## YOUR TASK
Leaving the images aside, transcribe all the data below exactly.

## RECORDED INFORMATION

^^^^^^^^^^^^^^^^

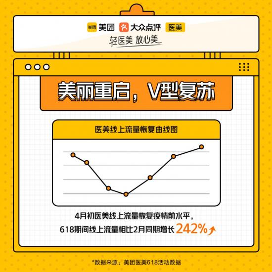 美团医美《618美丽重启消费报告》显示,3月开始,医美逐步呈现复苏趋势,从线上流量看,4月初即已恢复到疫情前水平。618活动期间线上流量比2月同期增长242%,行业呈现明显的“V型复苏”趋势。
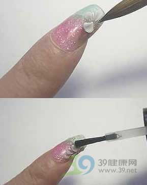 最后表面在铺上透明水晶粉,让整个甲面的色块接痕更平顺。
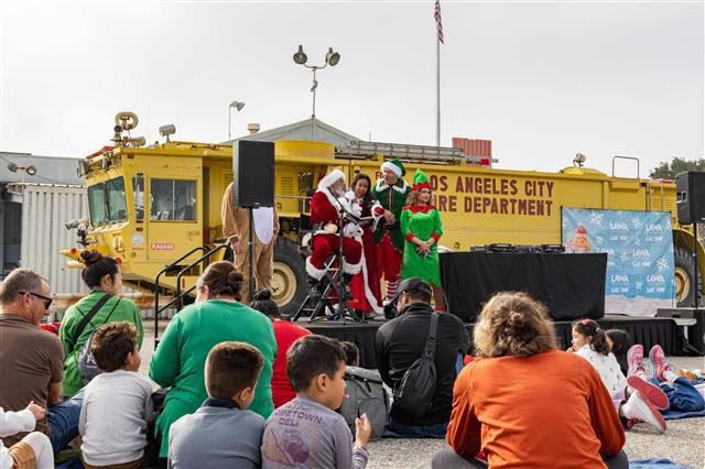 圣诞老人日前惊喜现身洛杉矶国际机场(LAX)与范奈斯机场(VNY),参加由洛杉矶世界机场管理局(Los Angeles World Airports,简称 LAWA)主办的年度「Santa Fly-In」活动。(LAX提供)

^^^^^^^^^^^^^^^^

## RESULT OF THIS EXERCISE
 美团医美《618美丽重启消费报告》显示,3月开始,医美逐步呈现复苏趋势,从线上流量看,4月初即已恢复到疫情前水平。618活动期间线上流量比2月同期增长242%,行业呈现明显的“V型复苏”趋势。
 最后表面在铺上透明水晶粉,让整个甲面的色块接痕更平顺。
 圣诞老人日前惊喜现身洛杉矶国际机场(LAX)与范奈斯机场(VNY),参加由洛杉矶世界机场管理局(Los Angeles World Airports,简称 LAWA)主办的年度「Santa Fly-In」活动。(LAX提供)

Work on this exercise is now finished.